Disabled People Against Cuts (DPAC) is an organisation based in the United Kingdom for disabled people and allies to campaign against the impact of government spending cuts on the lives of disabled people.  Formed on 3 October 2010 DPAC promotes full human rights and equality for all disabled people, and operates from the Social Model of Disability.

History 

The 'Disabled People Protest' demonstration took place outside the Conservative Party annual conference on 3 October 2010 in the pouring rain in Birmingham, England. This was the first mass protest against the impact of austerity cuts to disabled people. It was also entirely led by disabled people, speaking out on their own behalf for themselves.  Using this march as a catalyst, leading activists founded the organisation.

Structure 

DPAC is a non-hierarchical organisation which grew organically from a small group of people who came together to plan an anti-cuts march in Birmingham. The current steering group was elected at the 2011 conference.

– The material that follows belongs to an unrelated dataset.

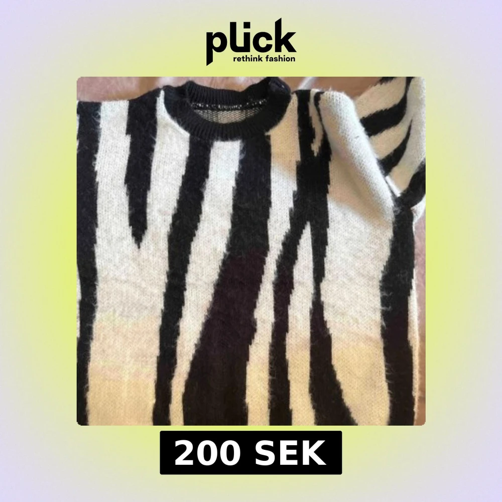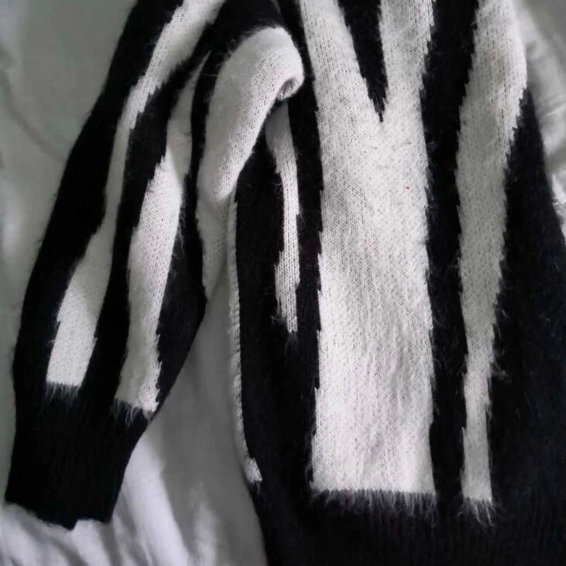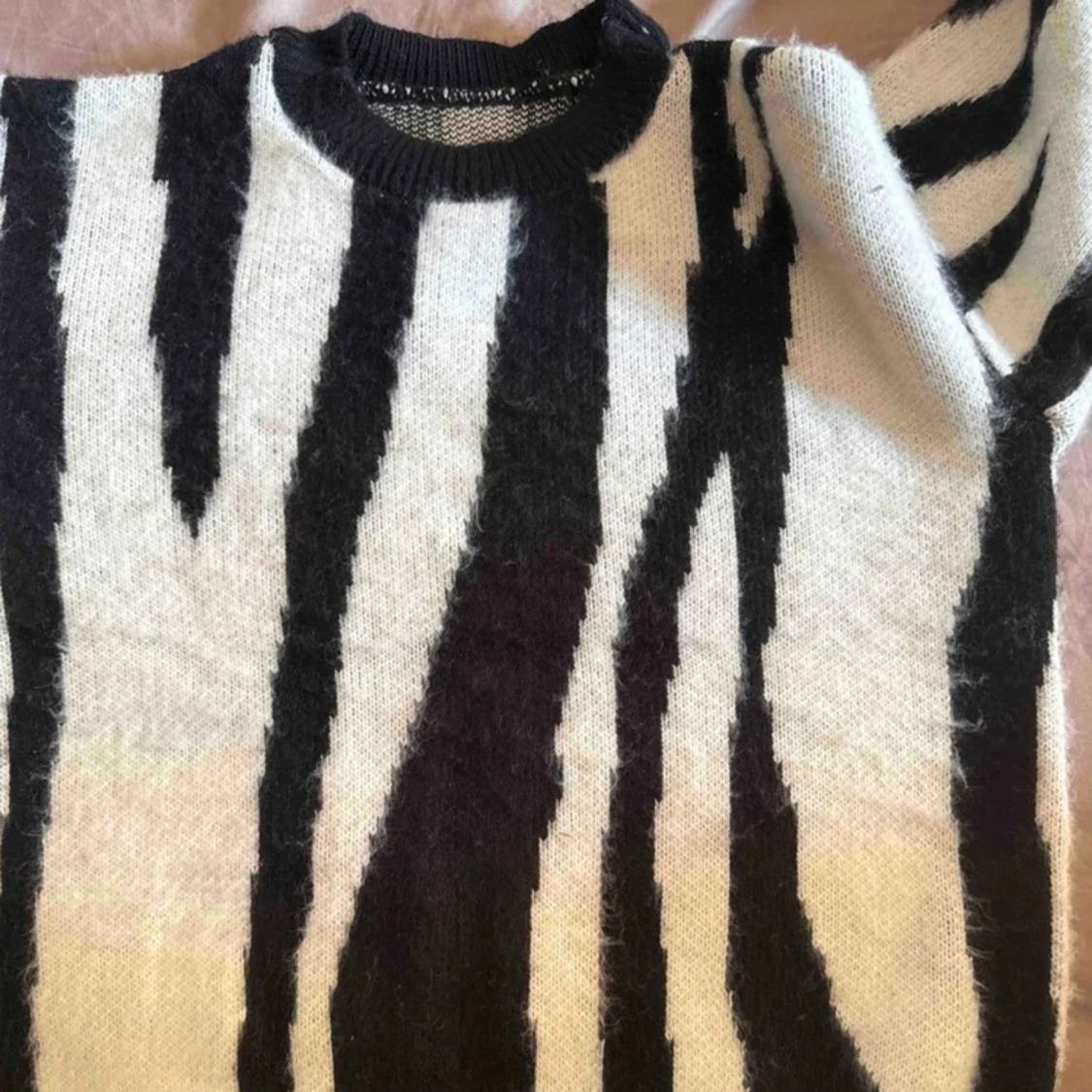 Säljer en stickad tröja med svartvitt zebramönster. Tröjan har rund halsringning och långa ärmar. Den är fluffig och mjuk, perfekt för dig som vill sticka ut med en cool djurinspirerad look.

There are 26 local DPAC groups, each one of which works within the DPAC constitution but are generally autonomous and their members make decisions for those groups.

DPAC currently has a formal membership of 1,500, with 2,500 members of the Facebook page and 4,500 followers on Twitter. Online activism has had a key role to play in the development of the group. While other groups were organising entirely on line, or alternatively making little use of new social media, DPAC developed an approach that enabled both approaches side by side which enabled greater numbers to take part.

Affiliations 

DPAC is closely affiliated with its sister organisation Black Triangle in Scotland.

Philosophy 

DPAC operate from the Social model of disability which sees disability as being created by the structures of society not the medical differences in a persons body. A very simple example of this is where a wheelchair user won't say that they can not get up the steps into the public building because they have a specific medical condition that prevents them from walking, rather, they are disabled by the lack of access ramps. Economic, political and cultural forces exclude those of us with impairments and long-term health conditions from full participation in society, limiting our educational, social, political, economic, health and cultural potential, well-being and participation. DPAC supports full citizenship for all Disabled People and opposes all cutbacks and austerity measures which are currently hitting Disabled People 9 times harder than non-disabled people.

Issues 

DPAC oppose all austerity measures which are currently heavily impacting disabled people in the UK. These include the closure of the Independent Living Fund, Personal Independence Payment (replacing Disability Living Allowance), Employment and Support Allowance, the Children and Families Bill 2013 and the 'Bedroom tax'.

Campaigns and actions 

Ellen Clifford, of DPAC, explained the tactics used by the anti-cuts group in the Guardian, saying "No one who cares about social justice can work with a government that is intent on dismantling the welfare state, so disabled activists are having to find other means to try to stop what is happening. Legal challenges to reforms are one part of that... But legal challenges aren't an answer in themselves, and, as a form of campaigning, need to be run alongside other forms of awareness-raising, lobbying, protests and direct action. We need the 99% to stand up and say "We will not let this happen'"."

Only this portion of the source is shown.